Importance of CXC Chemokine Receptor 2 in the Homing of Human Peripheral Blood Endothelial Progenitor Cells to Sites of Arterial Injury
This article requires a subscription to view the full text. If you have a subscription you may use the login form below to view the article. Access to this article can also be purchased.

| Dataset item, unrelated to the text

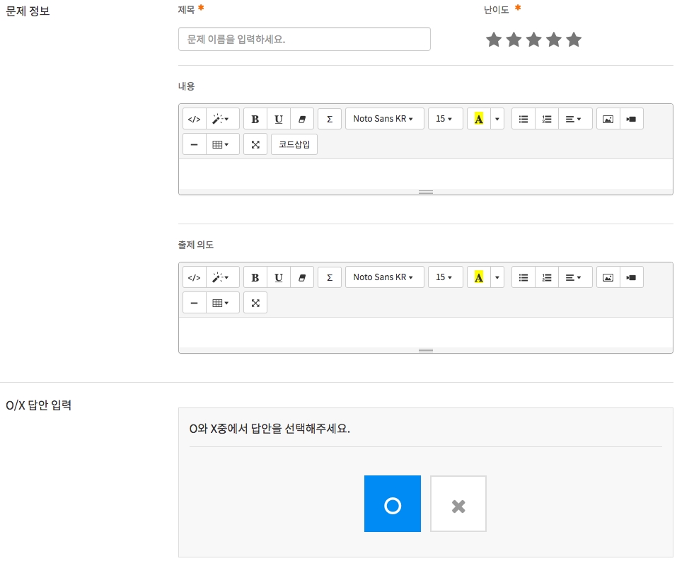 'O/X 문제'를 만드는 화면입니다. 문제 제목과 설명을 입력하고 'O/X 답안 입력' 탭에서 답안(O 또는 X)을 설정할 수 있습니다.

Circulating endothelial progenitor cells (EPCs) may contribute to endothelial regeneration; however, the exact mechanisms of their arterial homing remain elusive. We examined the role of the angiogenic chemokine receptor CXCR2 in the homing of human EPCs. Isolated EPCs expressed CXCR2 together with kinase insert domain–containing receptor, CD31, vascular endothelial cadherin, and CXCR4. Adhesion assays under flow conditions showed that EPCs preferentially adhered to β2-integrin ligands, that firm arrest on fibronectin or fibrinogen was enhanced by the CXCR2 ligands CXCL1 or CXCL7, and that blockade of CXCR2 significantly reduced EPC adhesion on platelet-coated endothelial matrix. This was corroborated by the involvement of CXCR2 in EPC recruitment to denuded areas of murine carotid arteries ex vivo and in vivo. Notably, blocking CXCR2 inhibited the incorporation of human EPCs expressing CXCR2 at sites of arterial injury in athymic nude mice. Immunoreactivity for the β-thromboglobulin isoform CXCL7 was observed in murine platelets and denuded smooth muscle cells (SMCs) early after wire injury, and transcripts for CXCL7 and CXCL1 were detected in isolated human arterial SMCs. Human KDR+CXCR2+ cells showed better in situ adhesion to injured murine carotid arteries than KDR+CXCR2− cells, were predominantly CD14+, and improved CXCR2-dependent endothelial recovery after injury in nude mice. In conclusion, our data clearly demonstrate the importance of CXCR2 for the homing of circulating EPCs to sites of arterial injury and for endothelial recovery in vivo.